Enviado por Sergio Hinojosa


Partes: 1, 2

 

  • Lo que me había hecho apasionarme por el marxismo seguía vigente, pero no la vida organizativa, tampoco aquella forma tan peculiar y tan entrañable del lazo social que antes me habían animado.
  • Lo que no marchaba se tradujo a otros términos y se desplazó hacía aspectos sintomáticos que me incomodaban e incluso me hacían sufrir. Fue por esa punta del malestar por donde entré realmente en contacto con ese método y esa práctica tan singulares que constituyen el psicoanálisis.
  • Mi trabajo posterior en este campo me deparó momentos buenos y malos. Muchos de estos momentos compartidos con algunos de los hoy aquí presentes.
  • La neurosis con sus síntomas encriptados me abrió las orejas al ruido fónico más allá del sentido. El encuentro con la psicosis me abrió una serie de preguntas, un poco tontas tal vez, pero aún abiertas, al menos para mí. ¿Qué fuerza es la que permite unir unas palabras con otras hasta formar frases? ¿qué confiere eso que llamamos significación a estas frases?¿qué hace de ese río de sonidos un horizonte habitable y humano? ¿cómo se hace posible el orden y la ley, más allá del sentido aparente de las significaciones?
  • Todas estas preguntas no constituyen para mi un horizonte especulativo, sino una atención particular al una por una de las voces que hablan en mi despacho. Decir "consulta" y "clínica" supone admitir una solidaridad con las prácticas sanitarias y médicas, las cuales parecen haber renunciado, y cada vez de manera más tajante, a la palabra como condición de su experiencia. Sin embargo, algún nombre tenemos que dar a ese lugar en donde la palabra circula como ese río de sonidos de manera tan peculiar. Tan sólo quiero con ello abrir la pregunta para despegarnos de esas certidumbres cotidianas que nos hacen olvidar la radical especificidad de la teoría de Freud.
  • Río de sonidos, cadena significante, efectos de significación…

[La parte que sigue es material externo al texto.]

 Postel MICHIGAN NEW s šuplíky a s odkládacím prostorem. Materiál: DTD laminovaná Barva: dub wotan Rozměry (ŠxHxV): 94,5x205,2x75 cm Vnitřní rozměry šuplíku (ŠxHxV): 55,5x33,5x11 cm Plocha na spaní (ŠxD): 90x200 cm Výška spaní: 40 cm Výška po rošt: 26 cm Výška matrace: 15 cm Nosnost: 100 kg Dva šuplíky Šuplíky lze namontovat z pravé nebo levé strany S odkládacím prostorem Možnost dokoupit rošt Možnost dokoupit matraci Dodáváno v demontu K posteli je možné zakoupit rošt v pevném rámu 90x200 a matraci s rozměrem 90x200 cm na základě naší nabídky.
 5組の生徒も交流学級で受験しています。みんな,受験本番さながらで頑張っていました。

  • Que experimentemos un cierto equilibrio psíquico en esa vorágine es poco menos que un milagro. Que el orden de esos significantes construya un mundo apacible, y no un infierno interior en donde no haya paz para el serhablante, es toda una proeza del amor. El bálsamo está bien. Pero no basta quedarse anonadado con eso, hay que acercarse más para ver algo más difícil de ver: que la paz es más hija de la muerte que del amor. Entendámonos, no es Eros quien fija la ley y concede un lugar al sujeto como exclusión en esa cadena: es Thanatos el que da lugar al ser del sujeto entre el dicho y el cuerpo. Obtener un puesto en el mundo no es un trabajo de ligazón de palabras cementadas desde la economía del placer/ displacer, sino el producto de un corte, de una muerte de la Cosa (das Ding) en la palabra. Muerte que supone, por ejemplo, la separación de la palabra de la boca. Los órganos se someten todos, en lo que les toca de lo que Freud llamó organización pulsional, a un destino más allá del magma biológico. También la boca, que aunque siga masticando y engullendo, se usa sin echar cuenta de ella al hablar. Todos comprobamos como se pierde la resistencia en su manejo, y ligera, campa montaraz por sus respetos.

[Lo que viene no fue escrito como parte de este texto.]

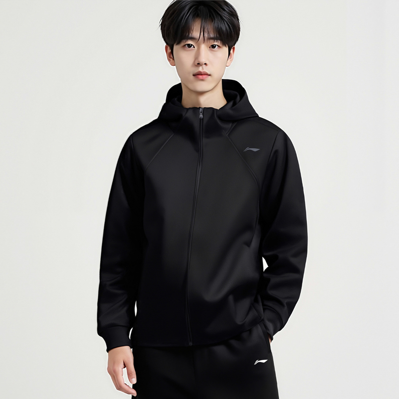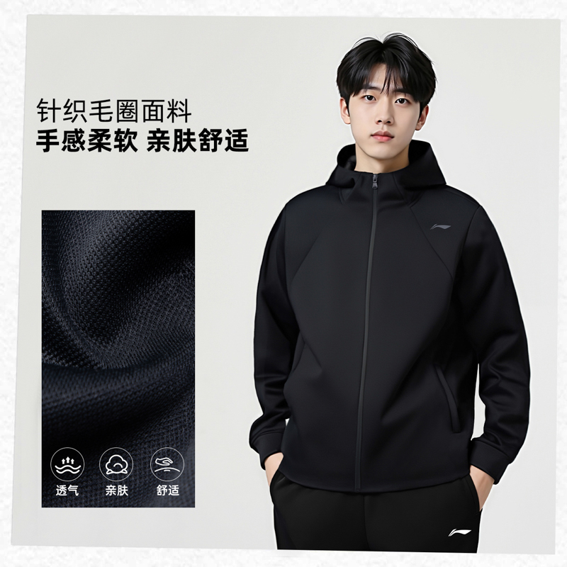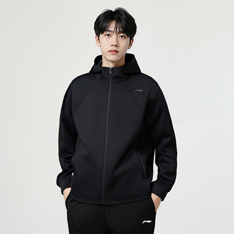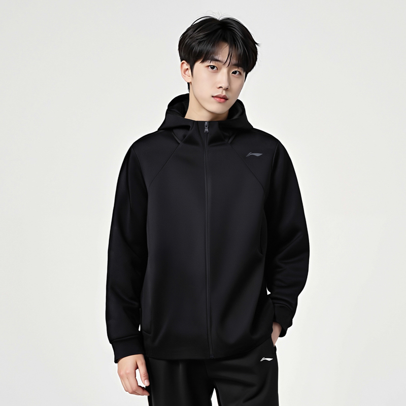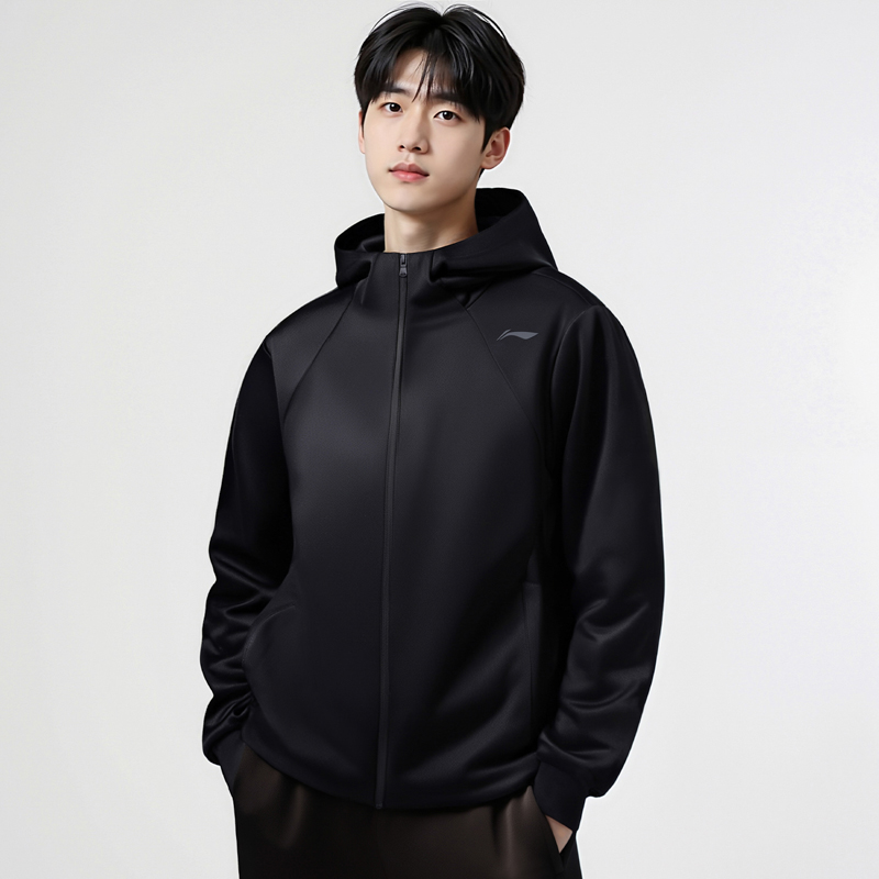 Мужской тренч Li Ning, черный, с капюшоном, средней высоты

  • Nuestros – es literalmente un decir- cuerpos portan los seres que somos, son cuerpos sometidos al bios, a las leyes de la naturaleza. Sin embargo, para dar cuenta de la naturaleza de eso que somos no bastan las fórmulas bioquímicas, tampoco el lenguaje poético, aunque éste ande más próximo a lo que está en juego. Lo que somos no deja de inscribirse, por eso sentimos que somos, y no deja de inscribirse como lugar excéntrico del discurso, esto es, más allá de lo que decimos u oímos.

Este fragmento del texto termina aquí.